As European corporations continue to look at securitization for funding, there has been growing interest in inventory-backed structures, kicking off what could be a trend in coming years, said analysts at Moody's Investors Service.
"We have noticed over the last two years a growth of inventory securitizations in Europe since the first transaction, the well-publicized Marne et Champagne deal, launched in 2000," said Carole Gintz Yomtov, associate analyst at Moody's. "The success of these transactions signals a nascent receptiveness of the concept among the corporate sector as an alternative source of financing.
Moody's anticipates potential growth in the inventory securitization area within the ABS sector over the coming years. "But this technique is rather complex and demanding, as it requires the seller to have adequate operational procedures consistent with the structural and legal features of the transaction," Yomtov added. "This could explain the timing of completion, which is usually longer than the one of a more classical ABS transaction."
To date there have been a handful of these transactions completed that include: Belgium originated Rosy Blue Carat backed by an inventory of diamonds; French-originated Cote des Noirs backed by an inventory of champagne from group Delbeck Bricourt Martin; and one previous French transaction backed by champagne inventory from group Marne et Champagne.
And while luxury goods have recently dominated the market, Yomtov said that there might be opportunity for other assets to enter in the mix. "We are regularly contacted by other companies that include different commodities like metal, steel - commodities that are good because they can be properly stored," she said.
However, perishable goods, such as dairy products, would not be considered durable goods and therefore is an inappropriate inventory asset class, Yomtov said.
According to a Moody's report, the outstanding inventory securitizations have been successful in part because they are associated with assets that characteristically maintain or increase in value over time.
Along with durability, it is important for there to be an organized open market and secondary market, such as the Antwerp Diamond Index or the Champagne Open Market. These markets should be regulated, and generally be difficult for new competitors to enter, which helps to ensure liquidity and tradability of the inventory.
Moody's uses the "borrowing base" in its structural analysis, which gives an indication of the overcollateralization built into the deal. Obviously, to receive the desired rating, the note amount issued needs to be discounted to the value of the inventory over time, providing the appropriate credit protection to the investor.
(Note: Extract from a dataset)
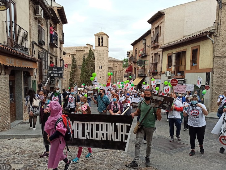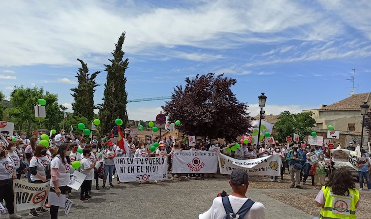 De nuevo pedimos una moratoria, ya lo hicimos precisamente aquí en Toledo, en la manifestación que convocamos el 10 de marzo de 2019. Cuatro días después, el 14 de marzo, la proposición fue rechazada tanto por PP como por PSOE en las Cortes regionales. Lo pedíamos por aquel entonces, y hoy lo hacemos de nuevo, dada la proliferación desmesurada de proyectos que se están tramitando en estos momentos en esta región, a añadir a los que ya están en funcionamiento.
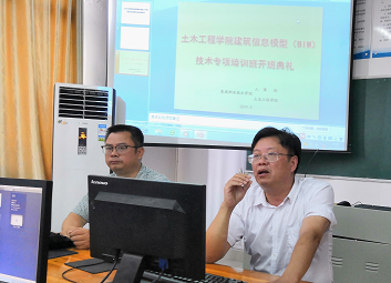 随着建筑业向工业化和信息化不断发展,建筑信息模型(BIM)技术将会应用于建设项目规划、设计、施工、运营管理全过程;同时,建筑信息模型(BIM)也成为教育部“1+X”证书六个试点技能等级证书之一。为适应建筑业发展需求,在现代建造技术专业群各专业人才培养方案中开设了《建筑信息模型(BIM)技术》课程,同时,在相关专业课程中融入了建筑信息模型(BIM)技术应用的内容。为满足教学需要,学院聘请了湖南红瓦科技有限公司BIM培训讲师杨四保和谢峰对全院建筑类专业教师进行专项培训。

The borrowing base, said Yomtov, can either be a fixed unit of inventory or a percentage of the current value of the inventory unit.
Moody's will focus on the variation of the value of the inventory on a long-term basis for a fixed amount borrowing base, where the issued amount per unit is fixed regardless of the value. Conversely, Moody's will also look at the short-term volatility of this value for a fixed percentage borrowing base, where the issued amount is adjusted to keep a constant discount with the inventory value.